YOUR ASSIGNMENT — Leaving every picture out, please return exactly the lines from the top of the material below through the line with "4月16日晚间,佰维存储公告", both included.

INFORMATION PROVIDED —
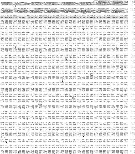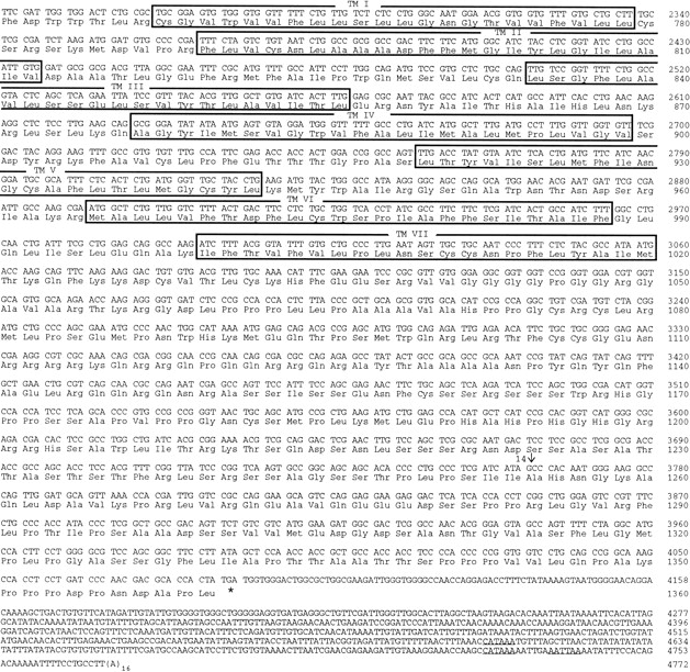 cDNA and deduced amino acid sequence of DLGR-2. This figure is compiled from the sequences of the overlapping cDNA clones 5′C-2, 5B, and 3′4-J (Fig. 1A). Nucleotides are numbered from 5′ to 3′ end, and the amino acid residues are numbered starting with the first ATG in the open reading frame. Introns are indicated by arrows and numbered 1–14. The seven membrane-spanning domains are boxed and labeled TM I—VII. The proposed signal sequence is shaded. Spades indicate potential amino-glycosylation sites. The inframe stop codon in the 5′ region, upstream of the assigned start codon is underlined twice; the translation termination codon is indicated by an asterisk (*). Putative polyadenylylation sites at the 3′ end are underlined.
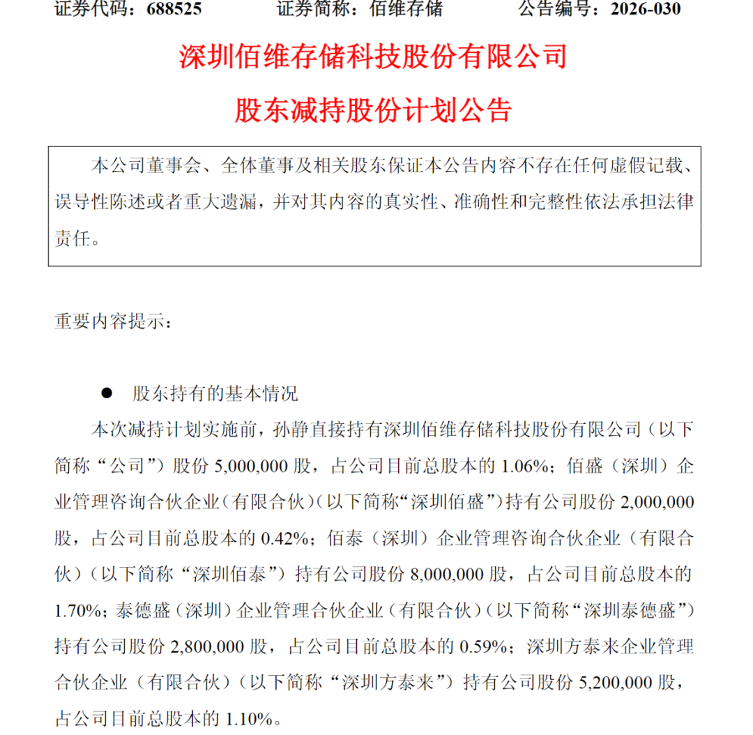 4月16日晚间,佰维存储公告,公司股东孙静、深圳佰盛、深圳佰泰、深圳泰德盛、深圳方泰来计划减持公司股份。
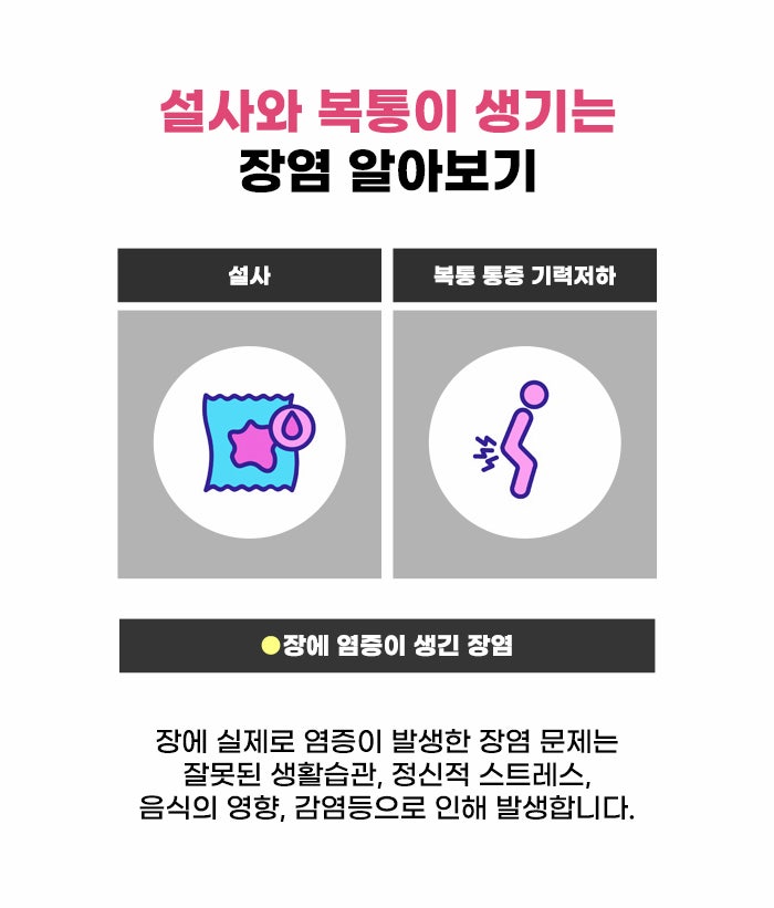 장에 염증이 생긴 장염이 아니라 만성 배변장애가 생기는 과민성대장증후군 문제일 가능성도 있다고 합니다. 과민성대장증후군은 현재의 검사로 원인을 명확하게 알기 어려운 것이라고 하는데요, 하지만 만성 배변장애가 나타나고 설사, 변비, 더부룩함, 복부 팽만, 잦은방귀 등의 증상으로 일상생활에 어려움을 겪을 수 있는 문제라고 합니다.
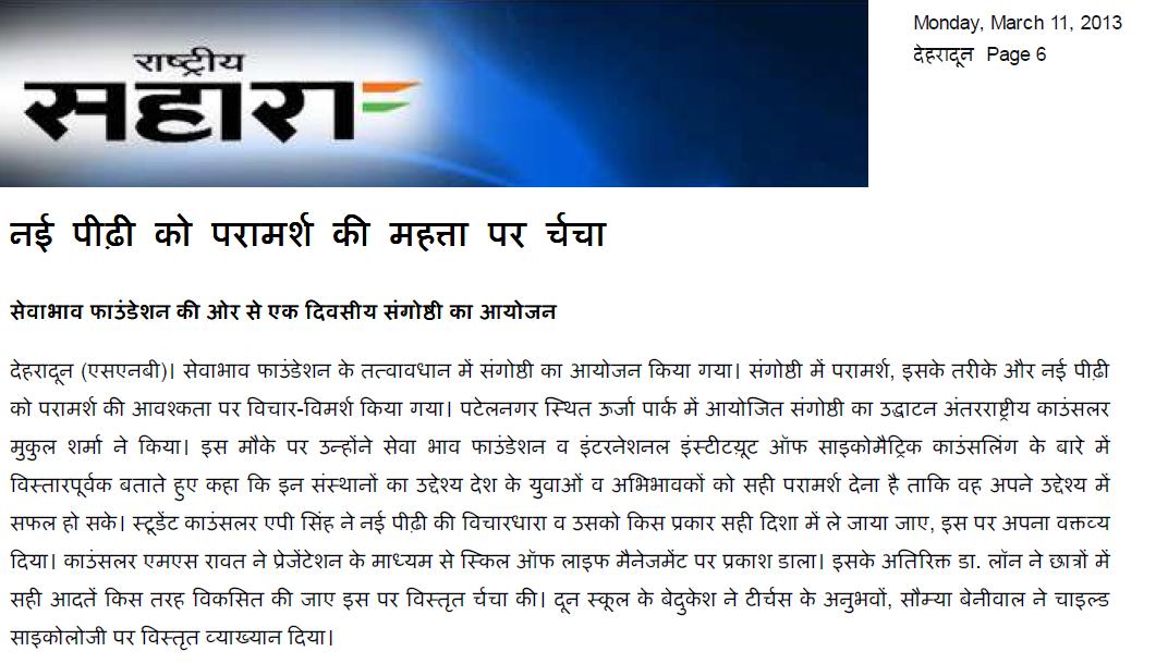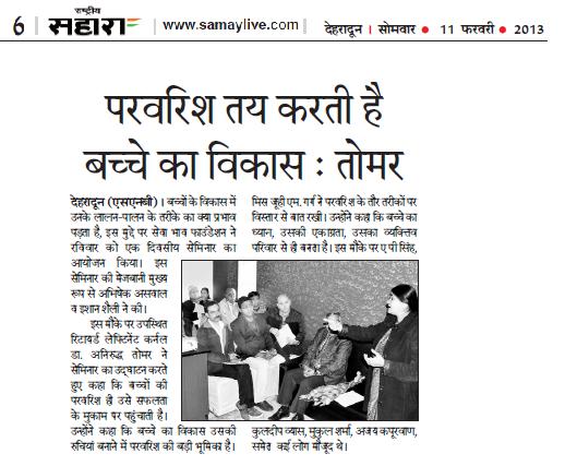 Sewa Bhav Foundation, Postal Address: 201 THDC Colony, Lane No - 21, Banjarawala, Dehradun - 248 001, Uttarakhand

WRITTEN RESPONSE —
 cDNA and deduced amino acid sequence of DLGR-2. This figure is compiled from the sequences of the overlapping cDNA clones 5′C-2, 5B, and 3′4-J (Fig. 1A). Nucleotides are numbered from 5′ to 3′ end, and the amino acid residues are numbered starting with the first ATG in the open reading frame. Introns are indicated by arrows and numbered 1–14. The seven membrane-spanning domains are boxed and labeled TM I—VII. The proposed signal sequence is shaded. Spades indicate potential amino-glycosylation sites. The inframe stop codon in the 5′ region, upstream of the assigned start codon is underlined twice; the translation termination codon is indicated by an asterisk (*). Putative polyadenylylation sites at the 3′ end are underlined.
 4月16日晚间,佰维存储公告,公司股东孙静、深圳佰盛、深圳佰泰、深圳泰德盛、深圳方泰来计划减持公司股份。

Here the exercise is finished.